Date of Decision: 05th October, 2023
HON'BLE MS. JUSTICE MINI PUSHKARNA
JUDGMENT
1. The present appeal has been filed under Section 37 of the Arbitration and Conciliation Act, 1996 (“Arbitration Act”) challenging the judgment dated 28th February, 2023 passed by the learned District Judge, Commercial Court-03, South-East District, Saket Courts, New Delhi in OMP (COMM) No. 28/2021. By way of the impugned judgment, the petition filed on behalf of appellant under Section 34 of the Arbitration Act challenging the Arbitral Award dated 03rd July, 2021 was dismissed.
2. The facts as emerge from the documents on record are that appellant herein claimed himself to be the absolute owner and in exclusive possession of plot no. B-18 (old plot no. 119 & 121) situated at Sanwal Nagar, New Delhi.
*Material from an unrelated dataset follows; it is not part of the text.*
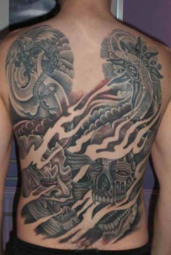 后背诡异境界纹身图案组合纹身图案,骷髅头、_后背纹身图案大全_纹身图吧

Since respondents were desirous of purchase of the said plot, an agreement to sell dated 31st October, 2017 was executed between respondent no. 1 and the appellant herein for a total sale consideration of ₹ 48 lakhs, out of which token money of ₹ 2 lakhs was given by the respondents at the time of signing the agreement to sell.
3. Subsequently, a further amount of ₹ 2 lakh in cash was paid to the appellant herein. The respondents paid different sums to the appellant on various occasions, through RTGS paid by respondent no. 2 in the following tranches: a. Rs. 10,000 on 08th December, 2017 b. Rs. 5 lakh on 11th c. Rs. 9 lakh on 11th d. Rs. 10 lakh on 12th
4. Thus, total amount of ₹ 28,10,000/- was paid by respondents to the appellant. The balance amount of ₹ 19,90,000/- was to be paid at the time of execution of the sale deed. In terms of the agreement to sell, appellant herein handed over vacant physical possession to the respondent on 12th December,
2017.
5. The time period for making payment of the balance amount was 6 months from the date of the execution of the agreement to sell dated 31st October, 2017. Thus, the respondents arranged the balance amount and purchased the stamp papers for execution of the sale deed. However, on the date agreed by the appellant for registration of sale deed i.e. 25th January, 2018, the appellant did not appear at the Sub-Registrar Office. The respondents tried to contact the appellant, but he intentionally avoided to meet the respondents.
6. The respondents came to know on 09th February, 2018 that a false complaint of house trespass and threat in respect of the property in question had been filed against the respondents by one Desh Raj claiming to be tenant in the said property. Thus, respondent no. 2 made a complaint for cheating and threat to life and property against the appellant to the SHO P.S. Defence Colony.
7. Thereafter, respondents filed a suit for specific performance of the agreement to sell against the appellant before the District Court, Saket. However, the said suit was dismissed vide order dated 26th April, 2018 on the ground of being barred by law, in view of the application filed under Section 8 of the Arbitration Act on behalf of appellant herein. Subsequently, respondents filed petition before this Court being Arb. P. No. 907/2018, pursuant to which the matter was referred to sole Arbitrator.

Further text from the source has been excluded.